Menu

Vize

Tomas Knap Mifeet

ODCleanStore - SW Project Proposal

Supervisor: Tomáš Knap (tomas.knap@mff.cuni.cz)
Team members: 5 students (Jakub Daniel, Petr Jerman, Jan Michelfeit, Dušan Rychnovský, Tomas Soukup)
Language: Java
OS: Windows 7 / Windows Server 2008 / Linux

Motivation

The advent of Linked Data [1,2] in the recent years accelerates the evolution of the Web into a giant information space where the unprecedented volume of resources will offer to the information consumer a level of information integration and aggregation that has up to now not been possible. Consumers can now 'mashup' and readily integrate information for use in a myriad of alternative end uses. Indiscriminate addition of information can, however, come with inherent problems such as (1) the provision of poor quality, (2) inaccurate, (3) irrelevant, or (4) fraudulent information. All will come with an associate cost which will ultimately affect decision making, system usage and uptake.

The ability to assess the quality of information on the Web, thus, presents one of the most
important aspects of the information integration on the Web and will play a fundamental role in the continued adoption of Linked Data principles [2].

Goal of the Project

The goal of the project is to built a Java Web application which will clean, link, and score incoming RDF data and provide aggregated and integrated views on the data to Linked Data consumers. The application will have graphical user interface for application administration. The main parts of the application are:

Data Storage
The application will store the incoming data, together with its metadata, to Openlink Virtuoso [3], the most popular RDF storage with a solid support. This task requires configuring the Openlink Virtuoso database and setting up/building mechanisms (e.g. web services, JAR libraries) to communicate with the storage (to store/retrieve the data). We will use two important data spaces - to store the incoming data (dirty database) and to store clean data (clean database).

Cleaning and scoring the data (Error Localization component)
The application will check whether the incoming data conform with:

  • the ontology used to describe these data
  • custom policies defined for all the data described by that ontology
  • custom policies defined for the data coming from a particular data source.

Based on that, we correct syntactical errors, score the incoming data and either send the data to the clean database, or drop the data. We will also provide several sample sets of policies applicable to real world data sources.

Linking the data (Object Identification & Record Linkage Component)
Since the same resources can be identified by various URIs (and often are), the application will support specification of rules, which will apply to the incoming resources and try to reveal whether the new incoming resource represents a new concept (not already involved in the clean database) or a concept already involved in the clean database; in the latter case, the application will create a link specifying that the given two resources are representing the same concept. The component will also support creation of arbitrary types of links between resources.

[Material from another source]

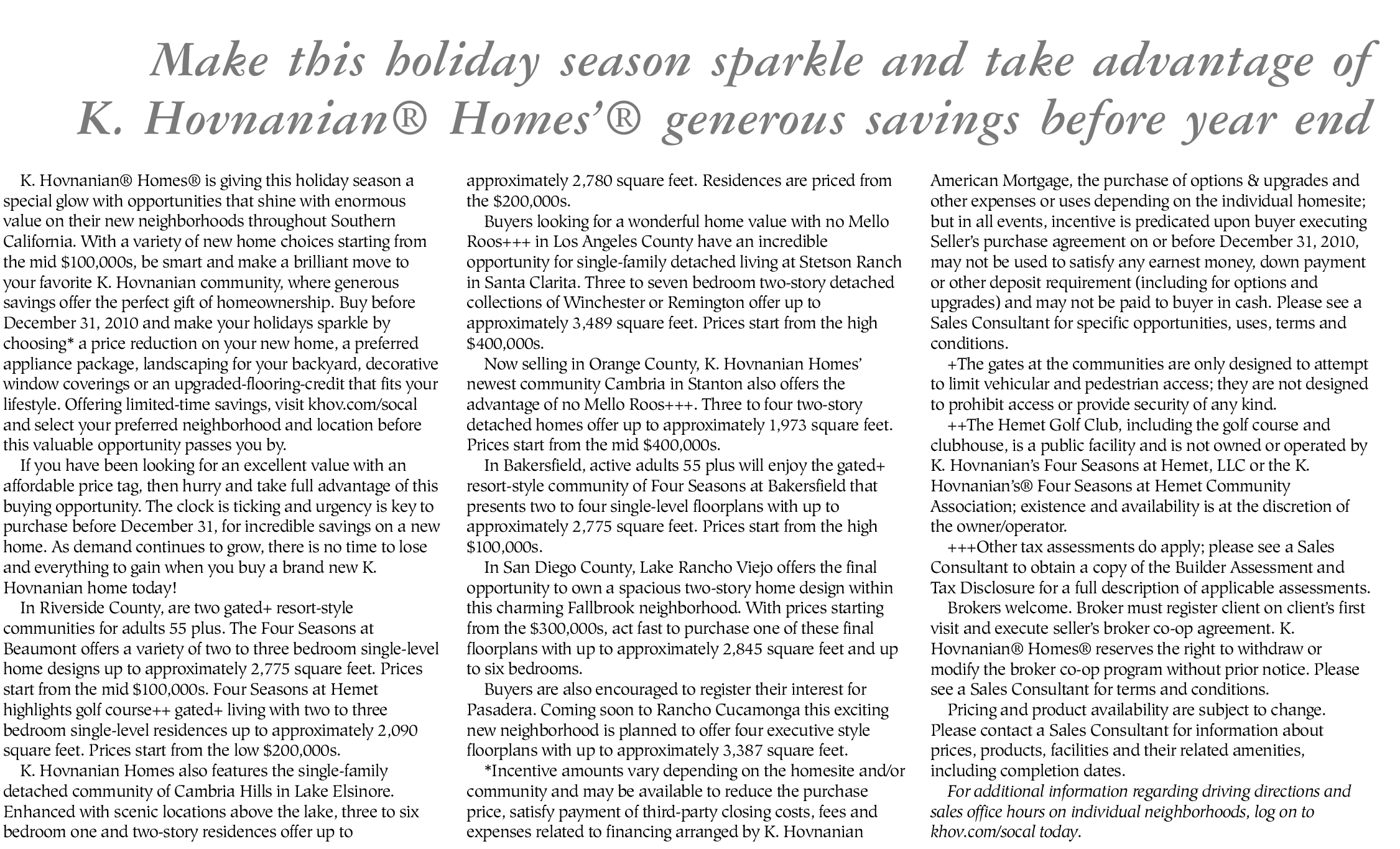 K. Hovnanian® Homes® is giving this holiday season a special glow with opportunities that shine with enormous value on their new neighborhoods throughout Southern California. With a variety of new home choices starting from the mid $100,000s, be smart and make a brilliant move to your favorite K. Hovnanian community, where generous savings offer the perfect gift of homeownership. Buy before December 31, 2010 and make your holidays sparkle by choosing* a price reduction on your new home, a preferred appliance package, landscaping for your backyard, decorative window coverings or an upgraded-flooring-credit that fits your lifestyle. Offering limited-time savings, visit khov.com/socal and select your preferred neighborhood and location before this valuable opportunity passes you by.

We will use Silk engine [4] and its specification language [5] to specify the policies.

Providing data (Query Execution & Conflict Resolution Component)
The main purpose of the project is to provide data aggregated from various sources and according to consumers' needs.

Data consumers can retrieve data about resources via URI identifiers of these resources (see Linked Data principles) or by specifying keywords. The response contains all the data known about the relevant resource, together with provenance metadata (who created it, when etc.) and with a score based on the results of the Error Localization component and the aggregated score of the particular data source.

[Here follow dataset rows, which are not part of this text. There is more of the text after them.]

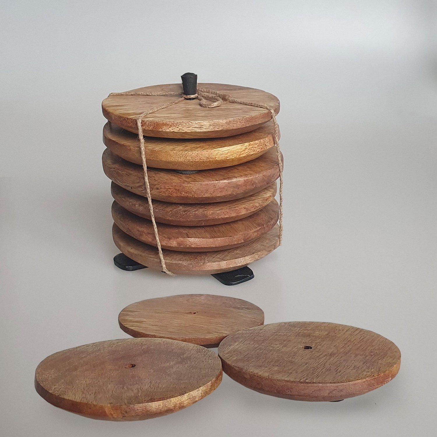 Diese hochwertigen Untersetzer aus massivem Mangoholz vereinen Natürlichkeit, rustikalen Charme und praktische Funktion. Im 6er-Set mit passendem Ständer bieten sie nicht nur Schutz für Tisch und Möbel, sondern setzen auch dekorative Akzente. Jeder Untersetzer ist ein Unikat – die natürliche Maserung des Mangoholzes sorgt für einen authentischen Look, während die glatte Oberfläche ein angenehmes Gefühl und leichte Reinigung ermöglicht. Durch ihren warmen Braunton passen die Untersetzer perfekt zu gemütlichen Anlässen wie Familienfeiern, Herbstfesten, Weihnachten oder romantischen Abenden. Dank ihres Vintage-Charakters im Shabby Chic Stil fügen sie sich harmonisch in rustikale, ländliche oder moderne Wohnkonzepte ein. Ob als stilvolle Tischdeko oder als liebevolle Geschenkidee – dieses Untersetzer-Set ist immer eine charmante Wahl.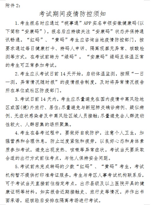 報考人員報名前,應(yīng)通過“皖事通”APP實名申領(lǐng)“安康碼”。報考人員報考前請認真閱讀《考試期間疫情防控須知》(附件2)。報考人員提供的信息必須與本人實際情況、報考條件和所報考的崗位要求相一致。凡弄虛作假通過資格審查,其實際情況與報考條件規(guī)定不符的,一經(jīng)查實,即取消考試、聘用等資格。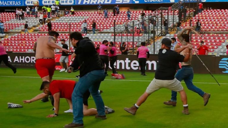 Aunque han pasado un par de horas, la eternidad se hizo densa en Querétaro. Los gritos no cesan. Los enfrentamientos siguen afuera del estadio, en una de las cabeceras. Adentro, el huracán de la violencia deja devastado un campo que debería generar alegrías.

When the data are retrieved and prepared for the consumer, we do solve conflicts among the data (various sources may provide conflicting values for the same RDF properties) by the preferred conflict resolution policy, which can be specified by the consumer; otherwise, we will use default conflict resolution policies. The conflicts will be precomputed in the database or computed on the fly.

Consumers can also query the application using SPARQL query language. In this case, however, the information about metadata and data quality scores may be limited and the conflict resolution won't be supported.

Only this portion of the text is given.